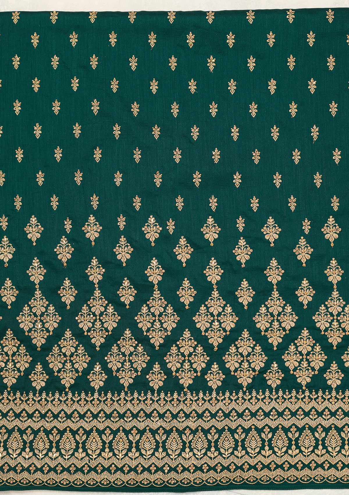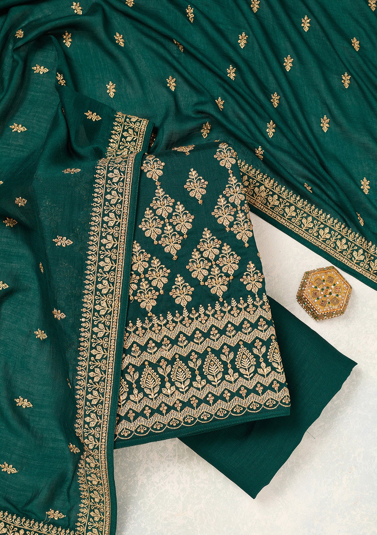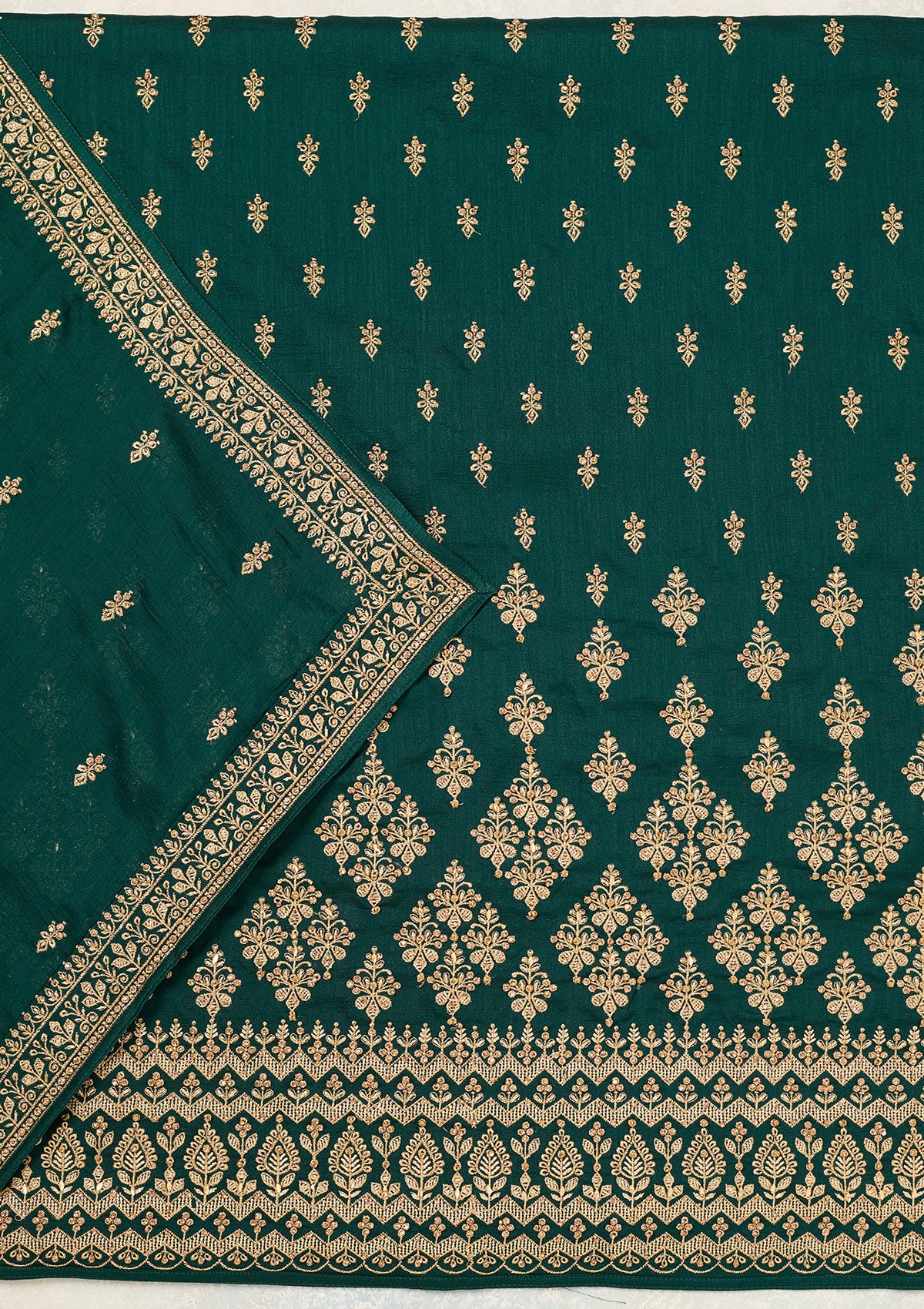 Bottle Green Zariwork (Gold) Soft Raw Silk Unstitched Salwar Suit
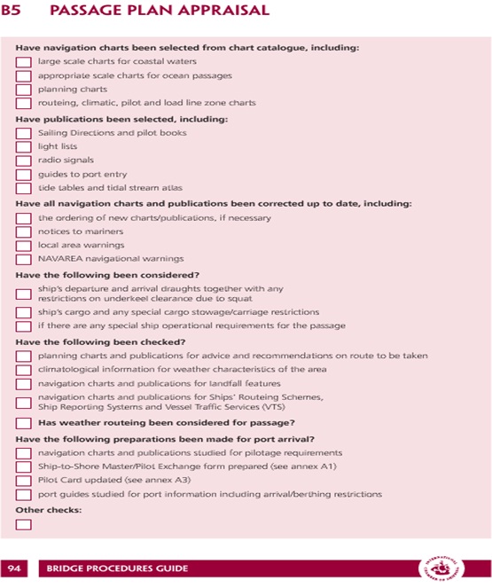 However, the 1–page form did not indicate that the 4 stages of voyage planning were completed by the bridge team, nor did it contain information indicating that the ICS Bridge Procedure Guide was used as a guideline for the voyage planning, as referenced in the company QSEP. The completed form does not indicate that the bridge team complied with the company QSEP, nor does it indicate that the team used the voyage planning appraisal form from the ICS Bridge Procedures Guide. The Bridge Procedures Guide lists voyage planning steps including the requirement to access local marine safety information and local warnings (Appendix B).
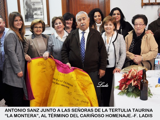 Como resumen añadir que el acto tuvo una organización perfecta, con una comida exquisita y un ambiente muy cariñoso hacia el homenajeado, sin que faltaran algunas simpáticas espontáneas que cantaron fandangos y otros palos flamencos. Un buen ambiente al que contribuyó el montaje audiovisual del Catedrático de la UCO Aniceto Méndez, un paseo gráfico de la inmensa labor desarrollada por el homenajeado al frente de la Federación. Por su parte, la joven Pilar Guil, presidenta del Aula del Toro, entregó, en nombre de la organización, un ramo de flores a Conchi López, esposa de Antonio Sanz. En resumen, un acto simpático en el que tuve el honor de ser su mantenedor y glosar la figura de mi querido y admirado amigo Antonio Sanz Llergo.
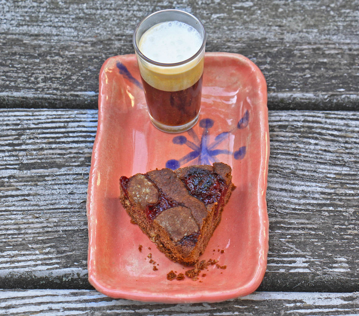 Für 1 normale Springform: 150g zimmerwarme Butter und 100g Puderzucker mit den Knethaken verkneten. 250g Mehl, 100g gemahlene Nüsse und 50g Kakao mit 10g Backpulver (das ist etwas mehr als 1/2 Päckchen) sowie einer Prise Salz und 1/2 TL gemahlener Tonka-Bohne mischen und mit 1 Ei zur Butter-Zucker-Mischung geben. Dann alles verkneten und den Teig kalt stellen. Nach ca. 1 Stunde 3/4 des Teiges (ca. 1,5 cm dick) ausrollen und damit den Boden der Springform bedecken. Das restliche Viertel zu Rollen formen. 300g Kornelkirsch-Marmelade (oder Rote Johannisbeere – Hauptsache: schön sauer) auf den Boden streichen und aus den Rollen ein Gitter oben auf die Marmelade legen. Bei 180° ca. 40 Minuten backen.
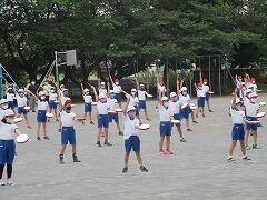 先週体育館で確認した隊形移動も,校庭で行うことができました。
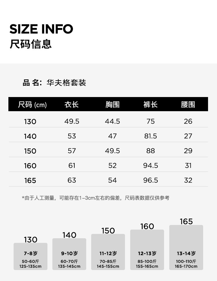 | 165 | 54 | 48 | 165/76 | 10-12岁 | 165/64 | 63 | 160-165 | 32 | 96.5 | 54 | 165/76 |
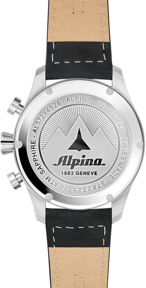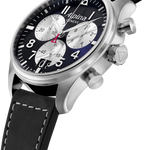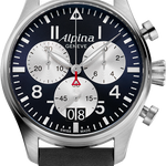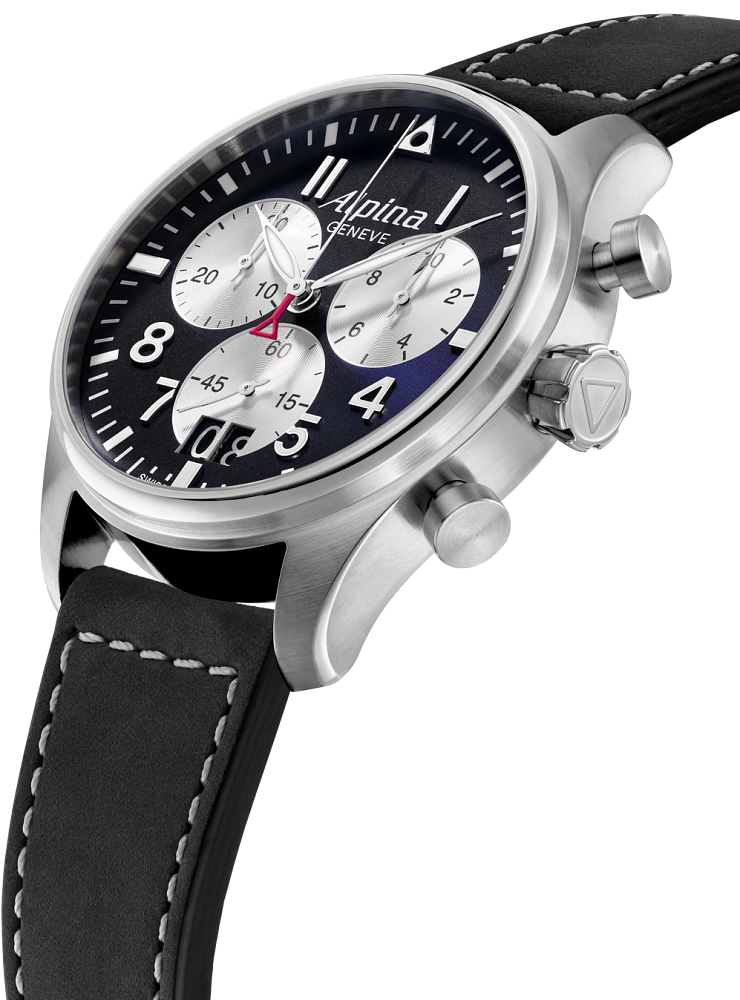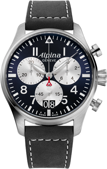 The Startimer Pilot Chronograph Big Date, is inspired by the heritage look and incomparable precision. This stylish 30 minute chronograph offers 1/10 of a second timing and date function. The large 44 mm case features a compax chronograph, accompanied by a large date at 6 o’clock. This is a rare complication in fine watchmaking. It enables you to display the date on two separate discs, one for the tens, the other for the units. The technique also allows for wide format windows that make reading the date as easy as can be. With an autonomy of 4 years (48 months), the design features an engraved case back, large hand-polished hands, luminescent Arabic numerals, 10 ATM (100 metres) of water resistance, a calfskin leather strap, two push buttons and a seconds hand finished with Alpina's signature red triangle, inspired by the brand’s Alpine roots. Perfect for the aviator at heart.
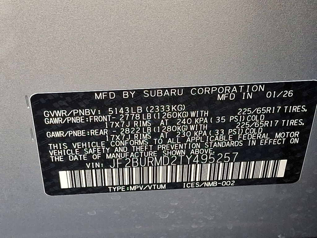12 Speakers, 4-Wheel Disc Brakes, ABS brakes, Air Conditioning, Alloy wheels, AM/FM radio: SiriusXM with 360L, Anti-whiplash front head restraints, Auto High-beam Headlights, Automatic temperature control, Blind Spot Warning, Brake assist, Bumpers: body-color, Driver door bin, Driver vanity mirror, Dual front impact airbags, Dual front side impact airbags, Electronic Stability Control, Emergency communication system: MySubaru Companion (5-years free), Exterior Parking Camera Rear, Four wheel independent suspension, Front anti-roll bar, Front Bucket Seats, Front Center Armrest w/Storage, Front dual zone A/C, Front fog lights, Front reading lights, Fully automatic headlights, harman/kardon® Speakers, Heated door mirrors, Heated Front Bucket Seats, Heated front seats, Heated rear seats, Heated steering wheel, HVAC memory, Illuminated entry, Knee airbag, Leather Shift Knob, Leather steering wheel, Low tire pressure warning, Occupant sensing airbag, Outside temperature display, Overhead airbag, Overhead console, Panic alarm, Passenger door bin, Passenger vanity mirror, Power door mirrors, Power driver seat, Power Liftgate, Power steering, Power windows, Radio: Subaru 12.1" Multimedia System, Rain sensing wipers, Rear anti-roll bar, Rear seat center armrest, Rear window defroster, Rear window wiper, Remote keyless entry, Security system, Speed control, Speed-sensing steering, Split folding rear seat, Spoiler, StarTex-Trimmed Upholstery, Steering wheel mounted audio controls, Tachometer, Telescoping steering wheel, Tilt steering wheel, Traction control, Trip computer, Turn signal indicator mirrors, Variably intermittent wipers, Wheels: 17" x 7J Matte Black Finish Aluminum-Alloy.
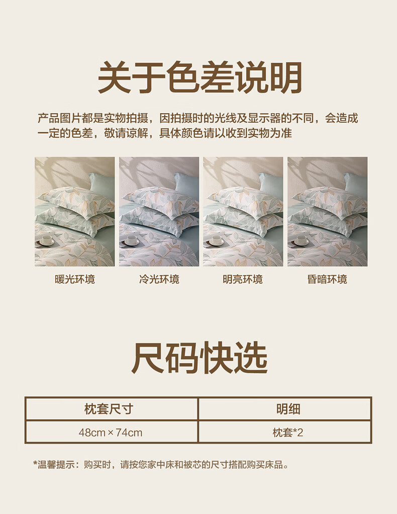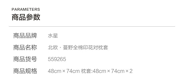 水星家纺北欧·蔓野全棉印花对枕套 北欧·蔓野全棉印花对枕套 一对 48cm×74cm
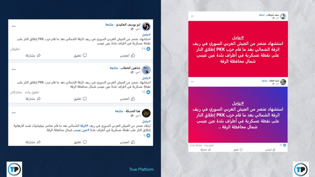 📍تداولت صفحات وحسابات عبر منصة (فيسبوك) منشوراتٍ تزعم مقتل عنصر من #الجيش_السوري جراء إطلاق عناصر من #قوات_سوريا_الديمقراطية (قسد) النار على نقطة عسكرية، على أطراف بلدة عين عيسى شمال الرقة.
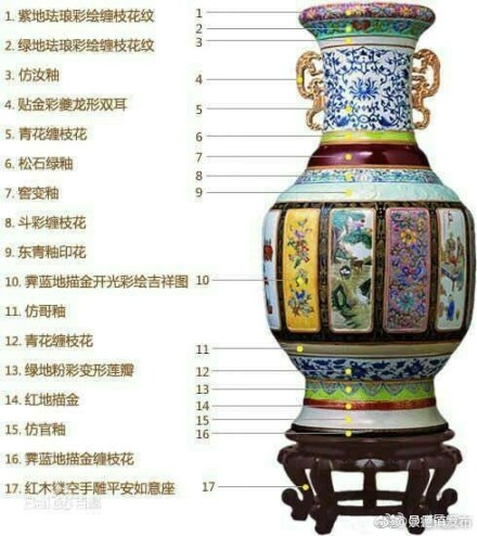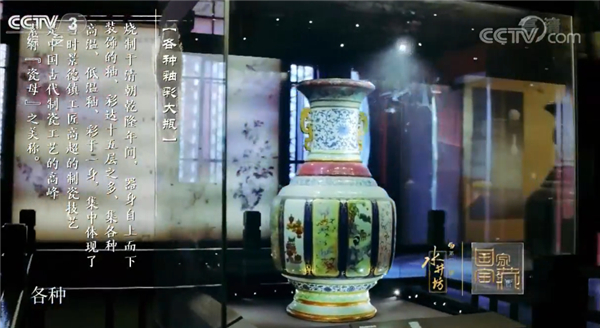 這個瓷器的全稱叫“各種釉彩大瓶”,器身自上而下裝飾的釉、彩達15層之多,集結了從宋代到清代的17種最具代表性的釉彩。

+++

■ **HOW TO COMPLETE THIS TASK**
Write out again, exactly, only the lines from the beginning of the material above to the line that holds "However, the 1–page", both ends included, and no pictures.

■ **SOLVED EXERCISE**
 Bottle Green Zariwork (Gold) Soft Raw Silk Unstitched Salwar Suit
 However, the 1–page form did not indicate that the 4 stages of voyage planning were completed by the bridge team, nor did it contain information indicating that the ICS Bridge Procedure Guide was used as a guideline for the voyage planning, as referenced in the company QSEP. The completed form does not indicate that the bridge team complied with the company QSEP, nor does it indicate that the team used the voyage planning appraisal form from the ICS Bridge Procedures Guide. The Bridge Procedures Guide lists voyage planning steps including the requirement to access local marine safety information and local warnings (Appendix B).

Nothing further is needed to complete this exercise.